Это рассуждение напоминает высказывание реакционеров или пацифистов во Франции между 1933 и 1939 годами, которые упрекали людей левых взглядов за то, что они выпускали манифесты и собирали публичные демонстрации в защиту преследуемых евреев. «Занимайтесь лучше вашими делами, – говорили они, – и не выносите сор из дома. Лучший способ прийти на помощь жертвам Третьего рейха – это уменьшить страдания жертв кризиса, колониализма или империализма». На самом деле, такое рассуждение – фальшивое. Ни Третий рейх, ни Советский Союз не были полностью безразличны к мировому мнению. Протесты еврейских организаций мира, вероятно, внесли вклад в ослабление антисионистской кампании и к мерам против космополитов, под прикрытием которых евреев с другой стороны железного занавеса снова стали преследовать. Широкая пропаганда в Европе и Азии против сегрегации в Соединенных Штатах помогает тем, кто пытается улучшить условия жизни негров и предоставить им права, обещанные Конституцией.
Оставим реальные результаты этих двух позиций. Почему различие, по-видимому, в нюансах вызвало столько страстей? Сартр и Камю – не коммунисты и не «атлантисты», оба признают существование несправедливости в обоих лагерях. Камю хочет разоблачать и одних, и других, Сартр выступает только против одних, западного мира, не отрицая существования других. Наверняка нюанс, но тот, который ставит под сомнение всю философию.
Камю порицает различные аспекты советской реальности. Коммунистический режим кажется ему абсолютно тираническим, который вдохновляет и оправдывает философия. Он упрекает революционеров за то, что они отрицают вечные ценности, всю высшую мораль в классовой борьбе и разнообразии эпох, он обвиняет их за то, что они живых людей приносят в жертву мнимо абсолютному благу, концу истории, понятие о котором противоречиво и в любом случае несовместимо с экзистенциализмом. То, что один не отрицает, а другой разоблачает концлагеря, было бы почти неважно, если бы один не придавал своему разоблачению значения разрыва с революционным «проектом», тогда как другой отказывается порывать с «проектом», к которому он не примыкает.

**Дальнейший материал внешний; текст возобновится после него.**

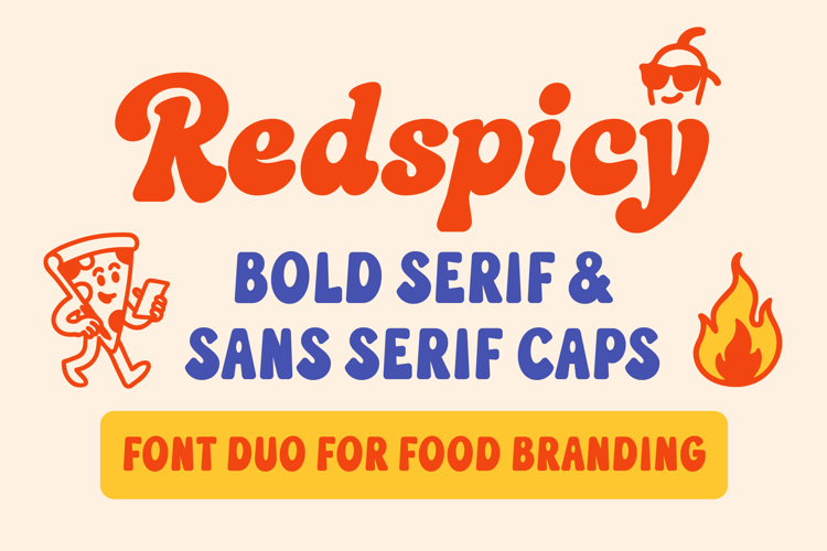 Redspicy is a bold and playful duo font made for food lovers and creative branding! Featuring a smooth serif and a clean sans serif, this font captures the energy of tasty visuals—from restaurant logos to spicy packaging. With rounded curves and a cheerful rhythm, Redspicy is the perfect ingredient for bold headlines, menu layouts, and merch that stands out.

В своей книге «Мятежный человек» Камю анализировал идеологическую эволюцию от Гегеля к Марксу и Ленину, нестыковки между некоторыми предвидениями, содержащимися в работах Маркса, и течением событий. Анализ не показал ничего такого, чего нельзя было легко обнаружить прежде, но он был в некоторых моментах трудно оспоримым.
Книга Камю, а также «Письмо директору Temps modernes» являются уязвимыми. В книге основные мотивы аргументации теряются в плохо связанных между собой исследованиях, стиле написания и морализаторском тоне, почти не позволяют увидеть философскую строгость. Письмо претендовало на то, чтобы заключить экзистенциалистов в рамки очень простых альтернатив. (Сартр имеет все козыри ответить, что марксизм не исчерпывается пророчеством и методикой, но содержит в себе и философию.) Несмотря на все это, Камю ставит этим не меньше решительных вопросов, на которые Сартр и Шансон отвечают с трудом.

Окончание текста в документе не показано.